Thank you for your comment. The primary goal of our ablation study is to verify the effectiveness of each module within our proposed decomposition method. Specifically, we aim to understand how these modules perform across various datasets and various data scales. We conducted extensive experiments on the CMU-MOSEI dataset, which includes both audio and text (A+T) and Visual+Text (V+T) modalities. The results in the Table below also demonstrate the effectiveness of each module. We have updated the results in Appendix B.3.
| Dataset | MOSEI(A+T) | MOSEI(V+T) |
|---|---|---|
| DMI-FC | 62.6 | 61.6 |
| DMI-CD | 61.4 | 63.2 |
| DMI-TD | 61.3 | 62.2 |
| DMI | 63.1 | 63.4 |
Question 4. Extended to modality larger than 2.

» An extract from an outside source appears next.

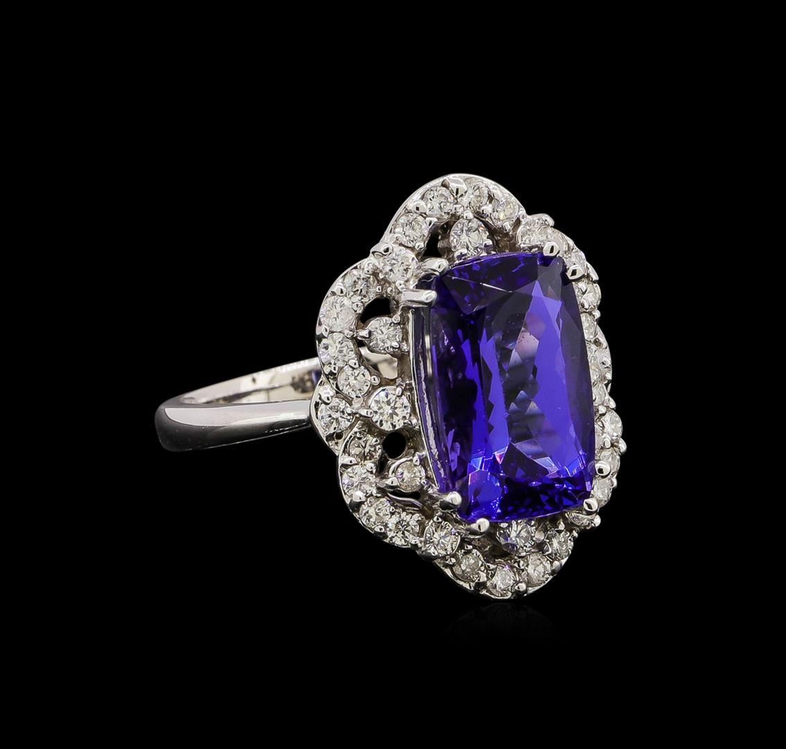 One electronically tested 14KT white gold ladies cast tanzanite and diamond ring with a bright polish finish. Identified with markings of "14K". Condition is new. Containing: One prong set rectangular cushion modified brilliant cut natural tanzanite, measuring 12.28 x 7.83 x 6.22mm, approximate weight of 4.71ct., clarity is eye clean, type I, medium, moderately strong, violet color, (GIA V 5/4), cut is good. Thirty-Seven prong set round brilliant cut diamonds, measuring 1.60 - 1.60 x 0.96mm (depth est.) approximate total weight of 37 Stones = 0.55ct. Clarity: I-1. Color: H - I, Cut is Good. Colored gemstones are presumed to have been subjected to commonly used enhancement processes. All diamonds and colored gemstones are graded in the mounting, unless otherwise stated. Total Weight of Colored Stones 4.71ct. Total Weight of Diamonds 0.55ct. Total Weight of Ring 6.40 grams. GGL Appraised.

Thank you for this valuable suggestion. Our proposed Decomposition-based Multimodal Interaction learning (DMI) approach is adaptable to scenarios involving three modalities. By implementing only the Task-related Decomposition on DMI (DMI-TD, illustrated in Figure 4), we can extend our framework to accommodate three modalities. We have conducted empirical evaluations on two datasets that each incorporate three modalities: MOSEI, which includes Visual (V), Audio (A), and Text (T) modalities, and UCF101, which consists of RGB, Optical Flow (OF), and Frame Difference (Diff) modalities. Detailed results of these experiments are presented in Appendix B.3.3, verifying that our method remains effective when extending to three modalities.
| Dataset | MOSEI (V+A+T) | UCF (RGB+OF+Diff) | ||
|---|---|---|---|---|
| Metric | ACC | F1 | ACC | F1 |
| joint | 63.3 | 63.2 | 78.6 | 78.2 |
| ensemble | 63.4 | 62.7 | 84.4 | 83.9 |
| DMI-TD | 64.3 | 64.5 | 84.8 | 84.2 |
[1] K. Soomro, “Ucf101: A dataset of 101 human actions classes from videos in the wild,” arXiv preprint arXiv:1212.0402, 2012.
[2] M. K. Hasan, W. Rahman, A. Zadeh, J. Zhong, M. I. Tanveer, L.-P. Morency et al., “Ur-funny: A multimodal language dataset for understanding humor,” arXiv preprint arXiv:1904.06618, 2019.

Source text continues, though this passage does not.